▶ [WHAT TO DO]: Transcribe every line of the material below without change, apart from dropping the pictures.
[[ DATA, beginning ]]
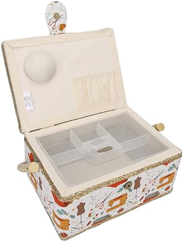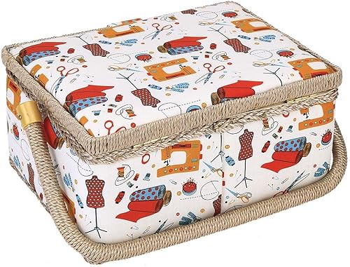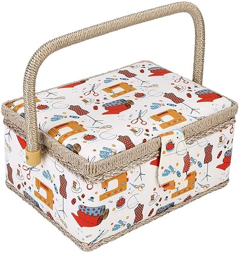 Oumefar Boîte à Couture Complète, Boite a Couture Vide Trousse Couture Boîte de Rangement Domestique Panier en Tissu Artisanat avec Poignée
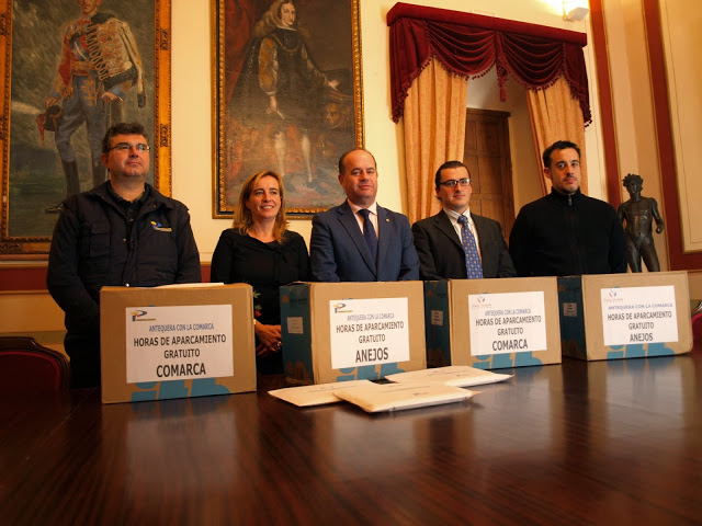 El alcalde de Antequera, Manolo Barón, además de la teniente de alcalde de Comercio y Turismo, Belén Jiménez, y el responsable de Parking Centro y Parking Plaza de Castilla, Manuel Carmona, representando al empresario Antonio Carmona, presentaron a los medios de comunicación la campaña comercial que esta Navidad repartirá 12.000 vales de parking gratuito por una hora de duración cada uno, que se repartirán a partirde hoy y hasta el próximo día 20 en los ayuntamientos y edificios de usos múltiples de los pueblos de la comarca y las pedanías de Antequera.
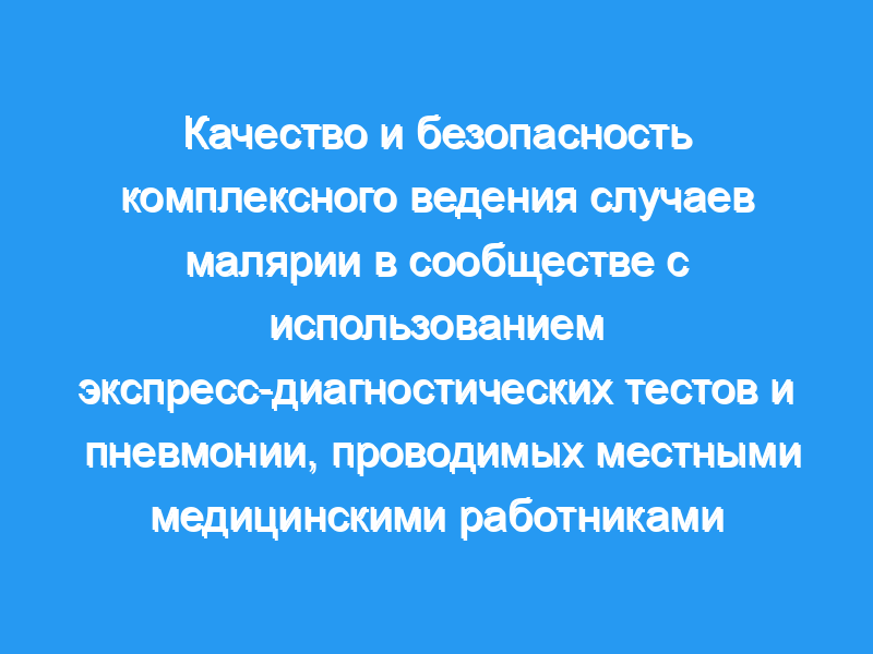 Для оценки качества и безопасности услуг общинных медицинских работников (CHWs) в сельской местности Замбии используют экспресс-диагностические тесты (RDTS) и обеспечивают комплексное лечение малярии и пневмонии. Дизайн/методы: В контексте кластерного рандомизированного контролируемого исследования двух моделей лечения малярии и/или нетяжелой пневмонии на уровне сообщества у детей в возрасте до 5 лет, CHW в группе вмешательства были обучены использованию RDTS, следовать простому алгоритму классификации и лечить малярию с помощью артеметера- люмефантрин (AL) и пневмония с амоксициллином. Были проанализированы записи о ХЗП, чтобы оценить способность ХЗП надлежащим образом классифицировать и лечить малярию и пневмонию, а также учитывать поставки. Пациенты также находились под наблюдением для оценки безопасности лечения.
[[ DATA, end ]]
▶ [ANSWER TO THIS TASK]:
 Oumefar Boîte à Couture Complète, Boite a Couture Vide Trousse Couture Boîte de Rangement Domestique Panier en Tissu Artisanat avec Poignée
 El alcalde de Antequera, Manolo Barón, además de la teniente de alcalde de Comercio y Turismo, Belén Jiménez, y el responsable de Parking Centro y Parking Plaza de Castilla, Manuel Carmona, representando al empresario Antonio Carmona, presentaron a los medios de comunicación la campaña comercial que esta Navidad repartirá 12.000 vales de parking gratuito por una hora de duración cada uno, que se repartirán a partirde hoy y hasta el próximo día 20 en los ayuntamientos y edificios de usos múltiples de los pueblos de la comarca y las pedanías de Antequera.
 Для оценки качества и безопасности услуг общинных медицинских работников (CHWs) в сельской местности Замбии используют экспресс-диагностические тесты (RDTS) и обеспечивают комплексное лечение малярии и пневмонии. Дизайн/методы: В контексте кластерного рандомизированного контролируемого исследования двух моделей лечения малярии и/или нетяжелой пневмонии на уровне сообщества у детей в возрасте до 5 лет, CHW в группе вмешательства были обучены использованию RDTS, следовать простому алгоритму классификации и лечить малярию с помощью артеметера- люмефантрин (AL) и пневмония с амоксициллином. Были проанализированы записи о ХЗП, чтобы оценить способность ХЗП надлежащим образом классифицировать и лечить малярию и пневмонию, а также учитывать поставки. Пациенты также находились под наблюдением для оценки безопасности лечения.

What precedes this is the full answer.